==== RECORD EXCERPTS ====
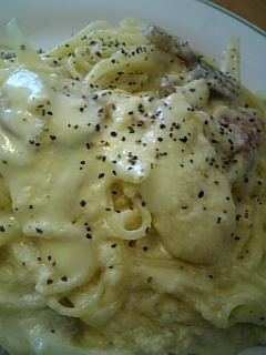 上の画像は今日の昼飯カルボナーラ
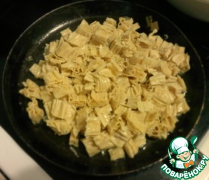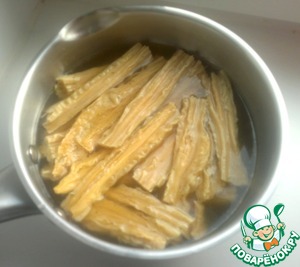 6 палочек сухой соевой спаржи фучжу ломаем пополам и кладем в грибной бульон.
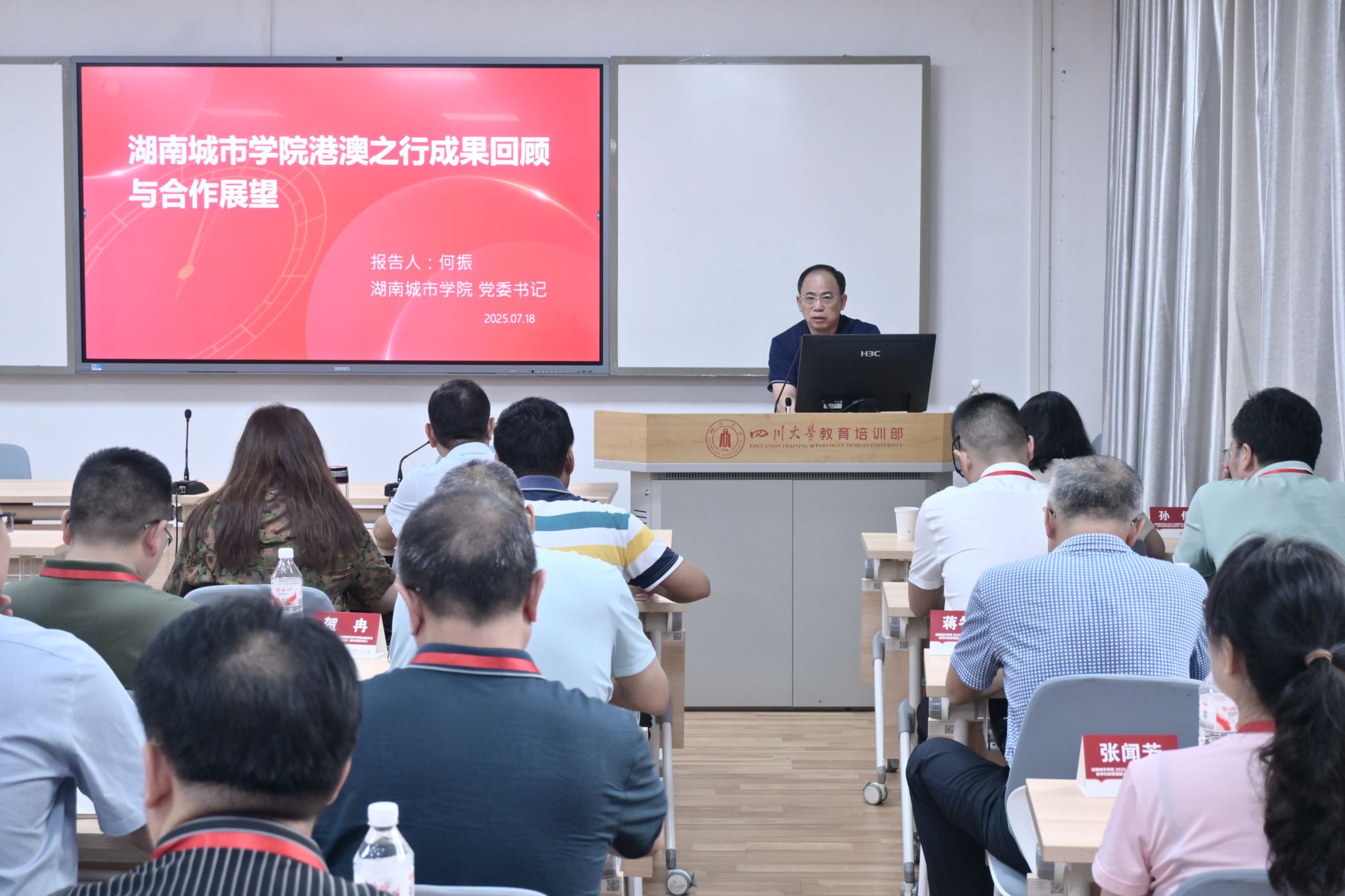 本网讯为进一步强化学校领导干部的政治修养,全面提升教学科研管理能力,7月14日至19日,完美网页版在四川大学举办2025年暑期领导干部政治能力与教学科研管理能力提升班,校领导何振、谭献良、徐姝、孙倩、吕贤军及部分职能部门负责人和二级学院院长、副院长共40余人参加培训。此次培训历时6天,采用专家讲座、现场教学、学习研讨等多元化形式,为领导干部“充电赋能”。
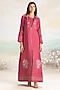 Pomegranate Colored Linen Hand Screen Printed & Embroidered Abaya Jacket Dress
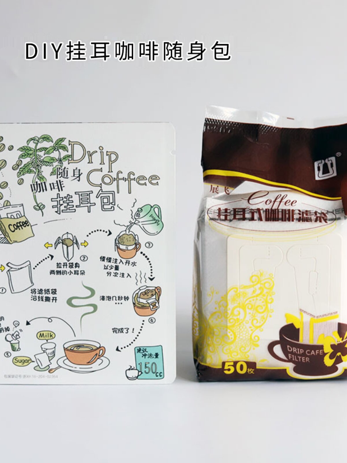 Подвесная уховая кофе подвесной пакет для ушей фильтровая бумажная бумага кожаная бумажная пакет с алюминиевой фольгой Сумка 50 комплектов домашних пакетов для кофейного кофейного уша
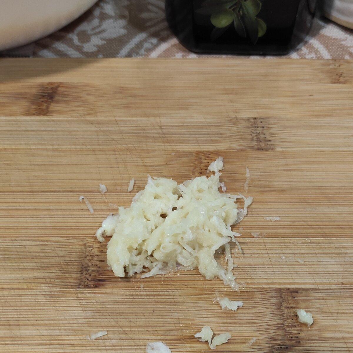 Часник подрібнити або через прес, або за допомогою дрібної терки.
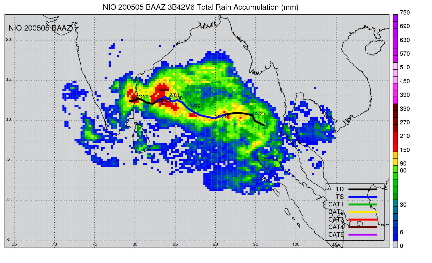 | 4 | 200505 | BAAZ | 20051126 - 20051203 | 991 | 45 | 13 | 91 | snapshots | rain accumulation |
====
Leave every image out when you return the material above word for word.

 上の画像は今日の昼飯カルボナーラ
 6 палочек сухой соевой спаржи фучжу ломаем пополам и кладем в грибной бульон.
 本网讯为进一步强化学校领导干部的政治修养,全面提升教学科研管理能力,7月14日至19日,完美网页版在四川大学举办2025年暑期领导干部政治能力与教学科研管理能力提升班,校领导何振、谭献良、徐姝、孙倩、吕贤军及部分职能部门负责人和二级学院院长、副院长共40余人参加培训。此次培训历时6天,采用专家讲座、现场教学、学习研讨等多元化形式,为领导干部“充电赋能”。
 Pomegranate Colored Linen Hand Screen Printed & Embroidered Abaya Jacket Dress
 Подвесная уховая кофе подвесной пакет для ушей фильтровая бумажная бумага кожаная бумажная пакет с алюминиевой фольгой Сумка 50 комплектов домашних пакетов для кофейного кофейного уша
 Часник подрібнити або через прес, або за допомогою дрібної терки.
 | 4 | 200505 | BAAZ | 20051126 - 20051203 | 991 | 45 | 13 | 91 | snapshots | rain accumulation |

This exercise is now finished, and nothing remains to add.